Par un mémoire en défense, enregistré le 13 février 2024, la commune d’Istres, représentée par Me Abbou, conclut au rejet de la requête et demande que la somme de 3 600 euros soit mise à la charge de l’association FCIR en application de l’article L. 761-1 du code de justice administrative.
Elle soutient que :
— la requête est irrecevable en l’absence de qualité à agir de M. B A au nom de l’association FCIR ;
— les conclusions tendant au rétablissement des relations contractuelles sont irrecevables ;
— les moyens invoqués par l’association FCIR ne sont pas fondés.
Vu les autres pièces du dossier.
Vu :
— le code général des collectivités territoriales ;
— le code des relations entre l’administration et le public ;
— la loi n°200-321 du 12 avril 2000 ;
— le code de justice administrative.
Les parties ont été régulièrement averties du jour de l’audience.

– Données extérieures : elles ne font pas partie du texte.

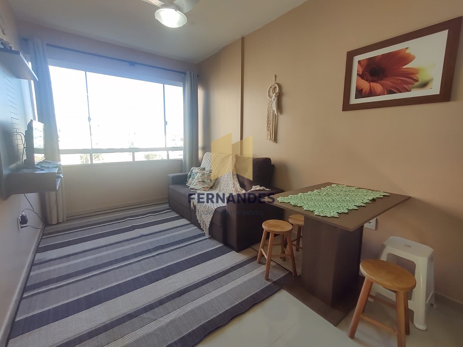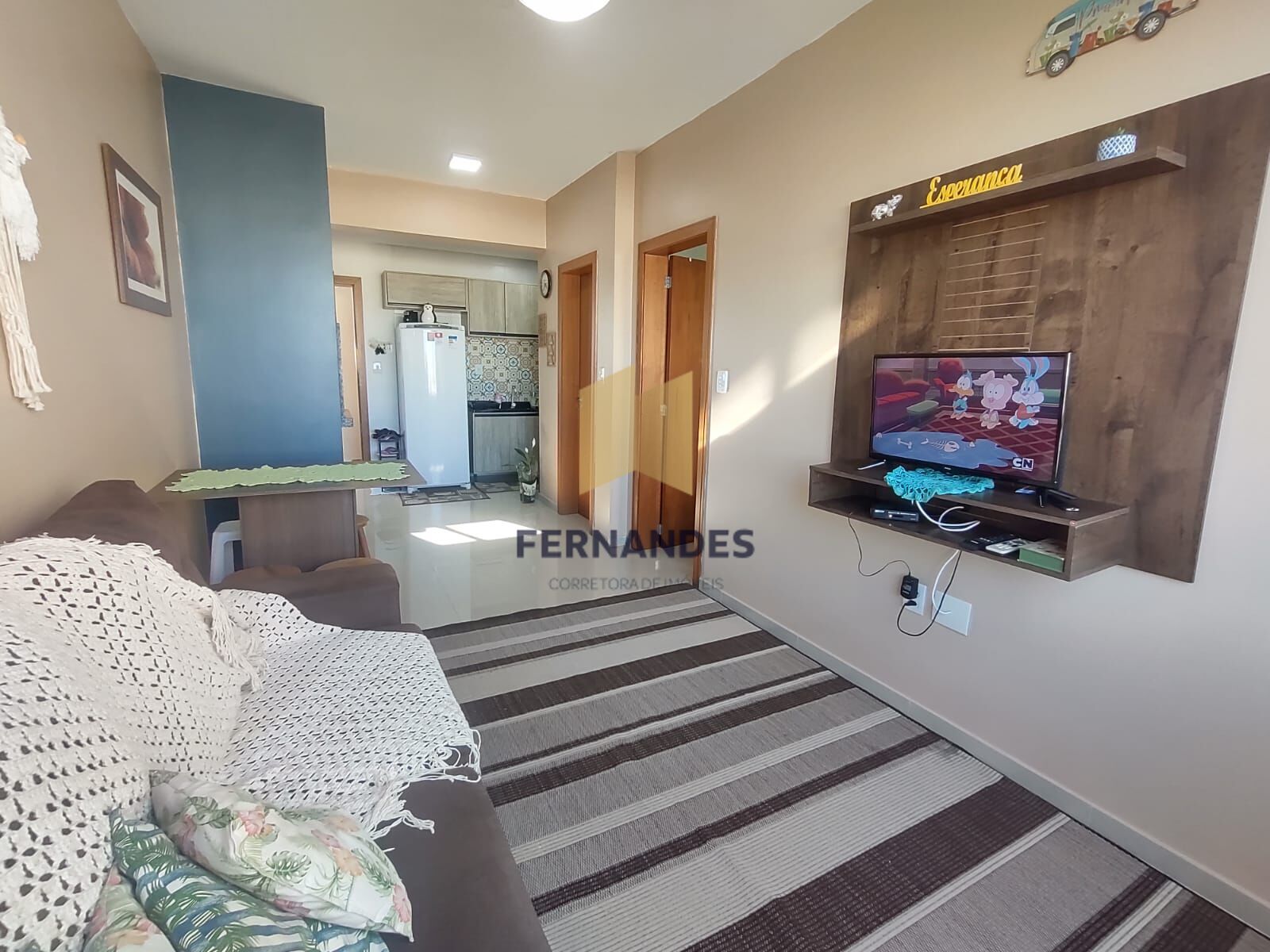 Lindo apartamento pertinho da praia, um dormitório, sala de estar e jantar integrada, cozinha, banheiro, mobiliado e com box para carro. Invista no seu imóvel no litoral.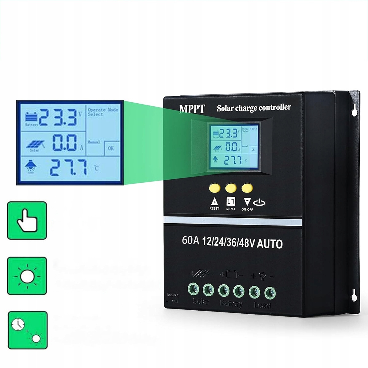 ✅ Багато сумісності: Сонячна енергетична підтримка 12 В/24 В/36 В/48 В, застосовуючи для багатьох типів акумуляторів. До 98%, висока точність відбору проб.

Ont été entendus au cours de l’audience publique :
— le rapport de Mme Le Mestric, première conseillère,
— et les conclusions de Mme Pilidjian, rapporteure publique.
Considérant ce qui suit :
1. Par délibération du 14 avril 2022, le conseil municipal de la commune d’Istres a attribué à l’association Football Club Istres Rassuen (FCIR) une subvention de 30 000 euros pour l’année 2022 et approuvé la signature d’une convention d’objectifs. Celle-ci, signée par le maire, a été transmise à l’association le 27 avril 2022. En l’absence de retour de cette convention signée par le président de l’association, le maire a décidé par courrier du 30 mai 2022 adressée à celui-ci de « cesser toute relation avec le club ». Le 31 mai 2022, M. A se présentant comme nouveau président de l’association a modifié le document de la convention d’objectifs en remplaçant les nom et prénom de l’ancien président, en y apposant sa signature et en copiant la signature du maire. Le 20 juin 2022, le maire a réitéré par un nouveau courrier sa volonté de faire cesser toute relation entre la commune et le club, et a par ailleurs déposé une plainte pour utilisation de sa signature sur un document falsifié. L’association FCIR demande au tribunal d’annuler ces décisions du maire d’Istres des 30 mai 2022 et 20 juin 2022 et d’ordonner à la commune de reprendre les relations contractuelles.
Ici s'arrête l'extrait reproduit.